■ **Exercise instructions**
Starting at the top of the records below and ending with the line that contains "Exceptional single-story smart", print each line exactly as written, skipping the pictures.

Dataset content below:

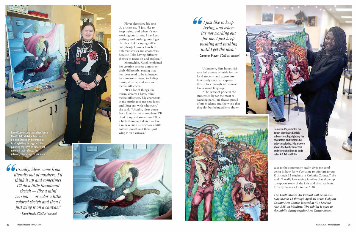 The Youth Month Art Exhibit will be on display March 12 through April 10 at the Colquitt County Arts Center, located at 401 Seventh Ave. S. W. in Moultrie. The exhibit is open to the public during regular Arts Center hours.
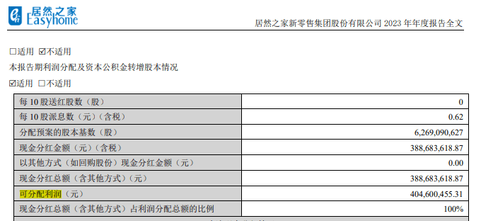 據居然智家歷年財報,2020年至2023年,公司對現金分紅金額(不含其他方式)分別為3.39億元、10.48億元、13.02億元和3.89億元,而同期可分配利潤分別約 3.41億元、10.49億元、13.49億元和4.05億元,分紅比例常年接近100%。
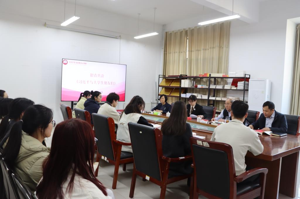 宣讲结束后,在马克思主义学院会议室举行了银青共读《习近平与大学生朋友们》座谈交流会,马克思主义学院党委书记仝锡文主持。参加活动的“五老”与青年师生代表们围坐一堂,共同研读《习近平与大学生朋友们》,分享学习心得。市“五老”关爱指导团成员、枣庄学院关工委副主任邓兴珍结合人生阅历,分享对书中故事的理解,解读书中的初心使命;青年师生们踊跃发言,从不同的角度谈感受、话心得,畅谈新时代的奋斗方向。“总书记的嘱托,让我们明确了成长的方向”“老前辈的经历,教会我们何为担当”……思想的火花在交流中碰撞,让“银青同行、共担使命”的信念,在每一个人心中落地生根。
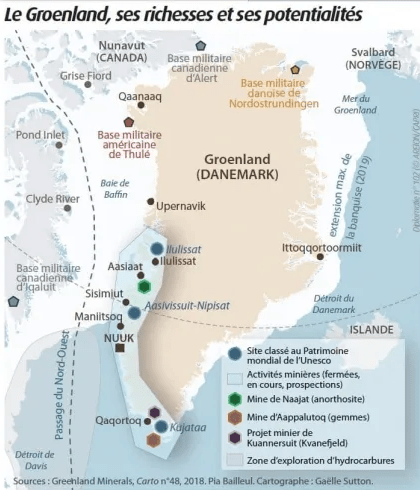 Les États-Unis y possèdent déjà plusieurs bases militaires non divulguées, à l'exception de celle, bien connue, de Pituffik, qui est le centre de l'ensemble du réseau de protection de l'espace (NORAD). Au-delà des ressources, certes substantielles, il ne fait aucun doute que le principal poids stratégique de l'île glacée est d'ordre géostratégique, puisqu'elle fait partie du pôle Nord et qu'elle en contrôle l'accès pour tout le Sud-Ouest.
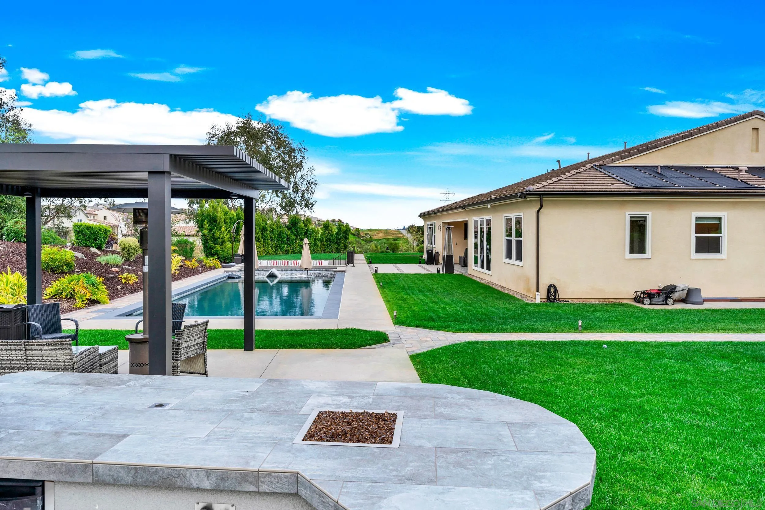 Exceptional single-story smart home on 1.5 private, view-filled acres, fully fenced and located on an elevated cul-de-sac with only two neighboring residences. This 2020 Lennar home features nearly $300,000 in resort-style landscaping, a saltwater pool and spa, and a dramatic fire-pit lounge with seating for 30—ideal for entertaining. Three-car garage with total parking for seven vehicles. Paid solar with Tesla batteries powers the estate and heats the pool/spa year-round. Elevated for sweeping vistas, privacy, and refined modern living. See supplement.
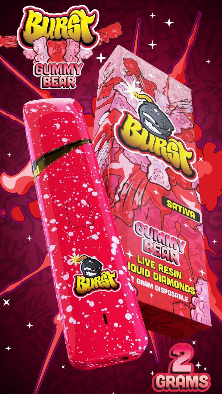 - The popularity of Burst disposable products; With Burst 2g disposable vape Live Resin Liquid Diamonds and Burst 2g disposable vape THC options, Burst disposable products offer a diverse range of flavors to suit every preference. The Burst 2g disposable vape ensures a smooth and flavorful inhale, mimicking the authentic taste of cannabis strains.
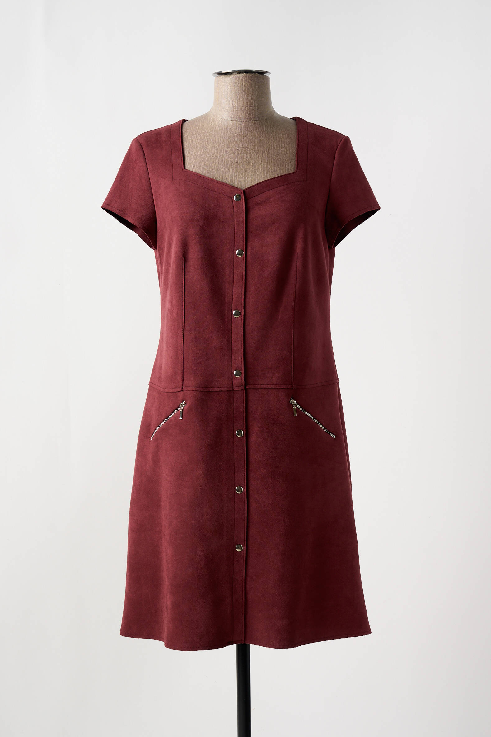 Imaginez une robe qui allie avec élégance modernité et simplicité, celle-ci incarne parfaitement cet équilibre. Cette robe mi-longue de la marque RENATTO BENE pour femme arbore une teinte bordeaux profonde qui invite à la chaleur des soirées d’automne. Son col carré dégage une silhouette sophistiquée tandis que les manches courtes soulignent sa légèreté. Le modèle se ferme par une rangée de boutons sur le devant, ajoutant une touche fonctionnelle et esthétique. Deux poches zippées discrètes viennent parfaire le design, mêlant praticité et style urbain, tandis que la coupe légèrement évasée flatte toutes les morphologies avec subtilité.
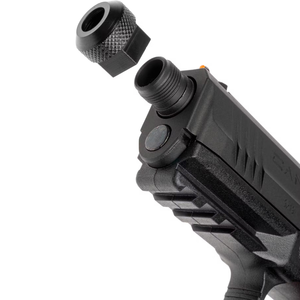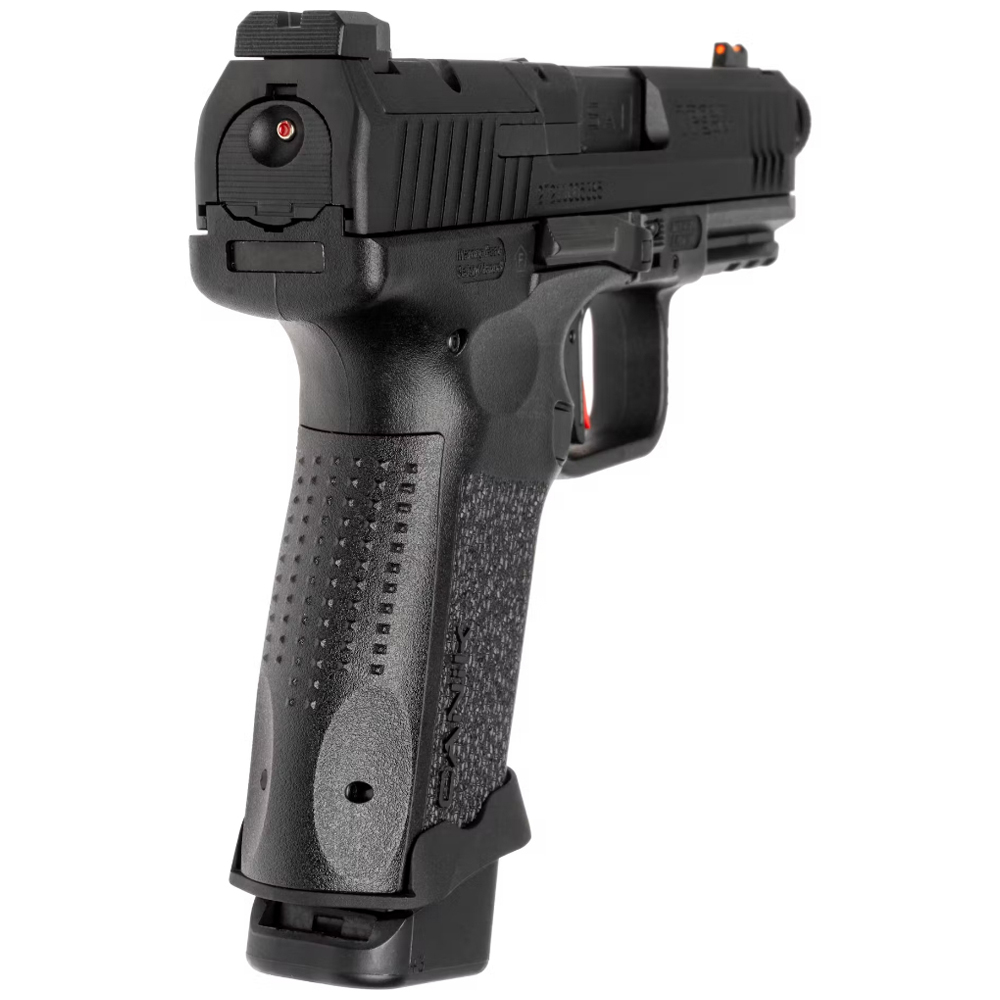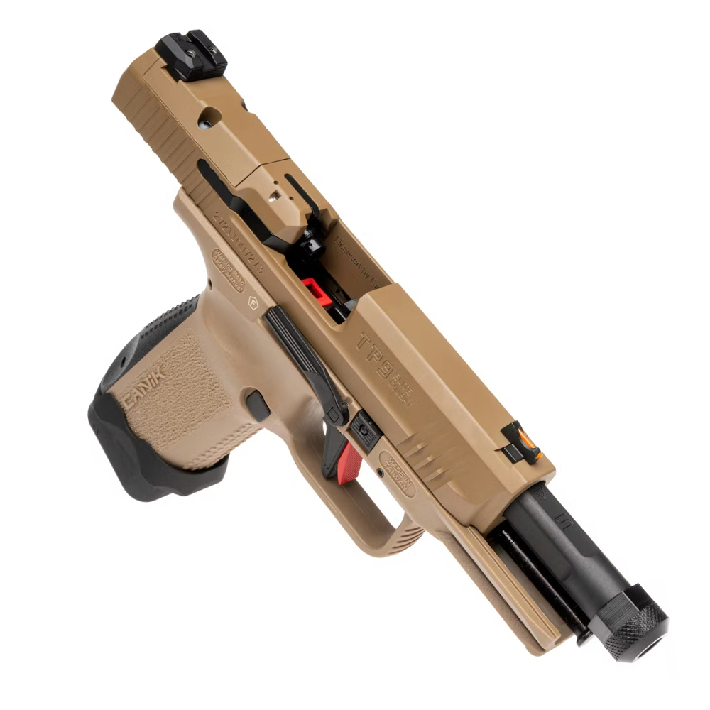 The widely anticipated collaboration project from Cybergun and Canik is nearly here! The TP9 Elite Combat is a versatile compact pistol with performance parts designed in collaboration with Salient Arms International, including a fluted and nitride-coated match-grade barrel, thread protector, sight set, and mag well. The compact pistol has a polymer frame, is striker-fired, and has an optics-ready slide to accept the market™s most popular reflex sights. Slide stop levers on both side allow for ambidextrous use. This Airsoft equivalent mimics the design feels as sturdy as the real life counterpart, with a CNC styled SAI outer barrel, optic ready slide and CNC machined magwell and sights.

End of Dataset content.

■ **Result**
 The Youth Month Art Exhibit will be on display March 12 through April 10 at the Colquitt County Arts Center, located at 401 Seventh Ave. S. W. in Moultrie. The exhibit is open to the public during regular Arts Center hours.
 據居然智家歷年財報,2020年至2023年,公司對現金分紅金額(不含其他方式)分別為3.39億元、10.48億元、13.02億元和3.89億元,而同期可分配利潤分別約 3.41億元、10.49億元、13.49億元和4.05億元,分紅比例常年接近100%。
 宣讲结束后,在马克思主义学院会议室举行了银青共读《习近平与大学生朋友们》座谈交流会,马克思主义学院党委书记仝锡文主持。参加活动的“五老”与青年师生代表们围坐一堂,共同研读《习近平与大学生朋友们》,分享学习心得。市“五老”关爱指导团成员、枣庄学院关工委副主任邓兴珍结合人生阅历,分享对书中故事的理解,解读书中的初心使命;青年师生们踊跃发言,从不同的角度谈感受、话心得,畅谈新时代的奋斗方向。“总书记的嘱托,让我们明确了成长的方向”“老前辈的经历,教会我们何为担当”……思想的火花在交流中碰撞,让“银青同行、共担使命”的信念,在每一个人心中落地生根。
 Les États-Unis y possèdent déjà plusieurs bases militaires non divulguées, à l'exception de celle, bien connue, de Pituffik, qui est le centre de l'ensemble du réseau de protection de l'espace (NORAD). Au-delà des ressources, certes substantielles, il ne fait aucun doute que le principal poids stratégique de l'île glacée est d'ordre géostratégique, puisqu'elle fait partie du pôle Nord et qu'elle en contrôle l'accès pour tout le Sud-Ouest.
 Exceptional single-story smart home on 1.5 private, view-filled acres, fully fenced and located on an elevated cul-de-sac with only two neighboring residences. This 2020 Lennar home features nearly $300,000 in resort-style landscaping, a saltwater pool and spa, and a dramatic fire-pit lounge with seating for 30—ideal for entertaining. Three-car garage with total parking for seven vehicles. Paid solar with Tesla batteries powers the estate and heats the pool/spa year-round. Elevated for sweeping vistas, privacy, and refined modern living. See supplement.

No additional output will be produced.